A sharp, witty, modern debut, Hench explores the individual cost of justice through a fascinating mix of Millennial office politics, heroism measured through data science, body horror, and a profound misunderstanding of quantum mechanics.

Natalie Zina Walschots, Hench – blurb

Our buddyread plan is to read it over the next four weeks, starting today. The book has 399 pages. We’ll read to page 99 until next week Tuesday, then until page 196, the next section is up to page 293, and the final bit brings us to page 399. I’m curious as to whether we can stick to this plan. It’s supposed to be a fast paced read, we might not be able to stop ourselves.

The Necromancers are back

… or in other words, the second book in Tamsyn Muir’s Locked Tomb Trilogy hit the shelves; Harrow the Ninth was published 4 August, 2020.

It’s a bit tricky to talk about the book without giving too much away. Harrow starts several months after the point where Gideon the Ninth left us with a cliffhanger. Harrow is a new Lyctor now and should be training to be a full Lyctor soon, but something is off. You’ll notice this right away due to the unusual POV. The other Lyctors around her, as well as God, have strange habits, interesting names and are more fully-fleshed people than deities that need to be worshipped should be.

I enjoyed this “middle book” very much, mainly because it does NOT suffer from Middle-Book-Syndrome!!! Muir manages to propel the story forward and give Harrow enough room to develop her character further.

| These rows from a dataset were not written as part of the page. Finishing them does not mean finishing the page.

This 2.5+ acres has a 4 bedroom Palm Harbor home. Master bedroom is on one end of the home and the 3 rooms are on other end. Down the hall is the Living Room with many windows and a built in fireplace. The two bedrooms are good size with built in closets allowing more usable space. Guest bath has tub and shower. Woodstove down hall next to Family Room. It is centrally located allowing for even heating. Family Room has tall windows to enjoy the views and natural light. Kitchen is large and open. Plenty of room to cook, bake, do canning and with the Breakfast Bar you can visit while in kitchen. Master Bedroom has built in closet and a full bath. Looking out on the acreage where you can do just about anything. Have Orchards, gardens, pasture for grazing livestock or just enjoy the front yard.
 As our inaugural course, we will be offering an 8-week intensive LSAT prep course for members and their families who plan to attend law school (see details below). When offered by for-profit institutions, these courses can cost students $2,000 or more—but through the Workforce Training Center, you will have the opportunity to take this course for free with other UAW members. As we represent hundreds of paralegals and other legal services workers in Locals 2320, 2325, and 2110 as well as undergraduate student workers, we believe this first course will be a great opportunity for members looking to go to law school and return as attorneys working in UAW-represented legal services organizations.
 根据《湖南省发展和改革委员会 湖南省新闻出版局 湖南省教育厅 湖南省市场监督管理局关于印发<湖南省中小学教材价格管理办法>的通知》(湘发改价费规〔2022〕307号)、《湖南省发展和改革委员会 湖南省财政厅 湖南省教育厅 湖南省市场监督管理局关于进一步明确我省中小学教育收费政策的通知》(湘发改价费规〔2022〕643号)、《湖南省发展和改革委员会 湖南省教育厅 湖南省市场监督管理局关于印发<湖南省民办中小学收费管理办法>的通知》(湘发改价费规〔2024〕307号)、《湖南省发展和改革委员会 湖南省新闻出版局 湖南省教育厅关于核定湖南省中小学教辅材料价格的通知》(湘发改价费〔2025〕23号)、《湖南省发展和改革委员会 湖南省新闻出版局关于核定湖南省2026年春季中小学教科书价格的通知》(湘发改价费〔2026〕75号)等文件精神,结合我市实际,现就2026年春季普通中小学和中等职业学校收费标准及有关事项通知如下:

There is a cast of familiar and new secondary characters that enrich the mystery of what is going on around Harrowhark the Lyctor.

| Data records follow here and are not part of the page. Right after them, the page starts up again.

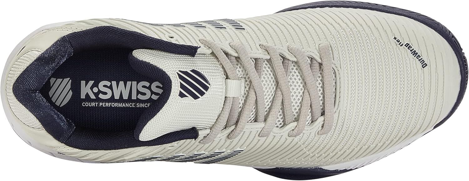 K-Swiss Mens Hypercourt Express 2 Tennis Shoes Wide (2E) in Vaporous Gray/White/Peacoat - US 7 is backordered and will ship as soon as it is back in stock.
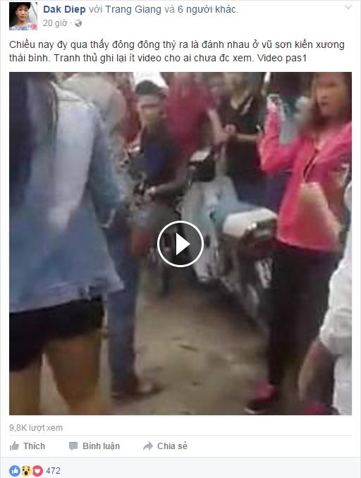 Người đưa video clip về nhóm phụ nữ đánh nhau ở Vũ Sơn, huyện Kiến Xương lên Facebook của mình có tên: Dak Diep với Trang Giang và có ghi như sau: "Chiều nay đy qua thì ra đánh nhau ở vũ sơn kiến xương thái bình. Tranh thủ ghi lại ít video cho ai chưa được xem".
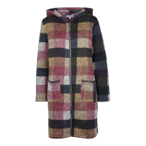 Ladies Knit Check Design Hood Coat - Pink/Col
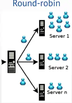 • Round-Robin: las peticiones son distribuidas entre los servidores de forma cíclica, independientemente de la carga del servidor. Distribuye de forma ecuánime el número de peticiones, pero no la carga.
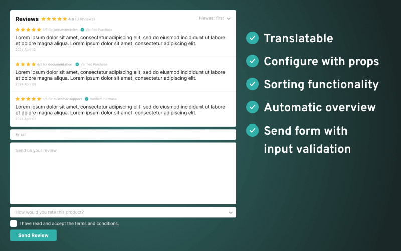 // Calling the component<Reviews defaultSortOrder="newest" emailPlaceholder="Email" reviewPlaceholder="Send us your review" reviewScorePlaceholder="How would you rate this product?" terms="I have read and accept the <a href='/terms'>terms.</a>" ctaLabel="Send Review" reviews={[{ score: 5, category: 'documentation', review: 'Review content', date: '2024 April 12' }, { ... }]}/>- Easy to style: Styles can be configured via Sass variables through the stylesheet provided with the component.
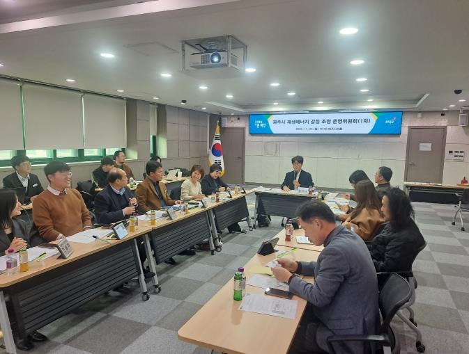 이날 회의에서는 ▲태양광 발전소 확산에 따른 주요 갈등 요인 파악 ▲갈등 예방 및 상생 확대를 위한 공동 목표 설정 ▲전문가 대안 제시 및 위원 간 의견 공유 ▲파주시 지역 특성을 반영한 대응 과제 도출 등 다양한 안건이 논의됐다.

I am looking very much forward to getting my grubby hands on Alecto the Ninth. The epilogue of Harrow might have teased at her story.

5/5 Goodreads stars

The Year the Albatross Came to the South-Western Halls

… was a special one for Piranesi, but we will not tell you why. No, not at all. This month’s buddyread is a book that is best read without knowing anything about it. I will not even assign a genre to this one. Susanna Clarke’s newest book Piranesi is about it’s titular main figure, living in the mysterious House and trying to figure out it’s secrets and pecularities. That’s really all you need to know.

When starting the book, we set a schedule. That’s what we always do to space out the reading over the month so that it doesn’t feel like too much of a task. But it was such a page-turner that we couldn’t stop ourselves from overshooting. We all finished it within ten days instead of four weeks.

The epistolary novel is told through Piranesi’s meticulous journal entries, so we learn about everything that’s going on in his pace. Through it all you experience his sense of wonder and gratefulness for the House that is also home. His character develops over the course of the book in a very interesting way. Our own RightHonourableHarpyEagle enjoyed the audiobook as well, and the voice acting by Chiwetel Ejiofor reflected Piranesi’s progress as a person.

It was a five star read for all of us, and another amazing buddyread pick.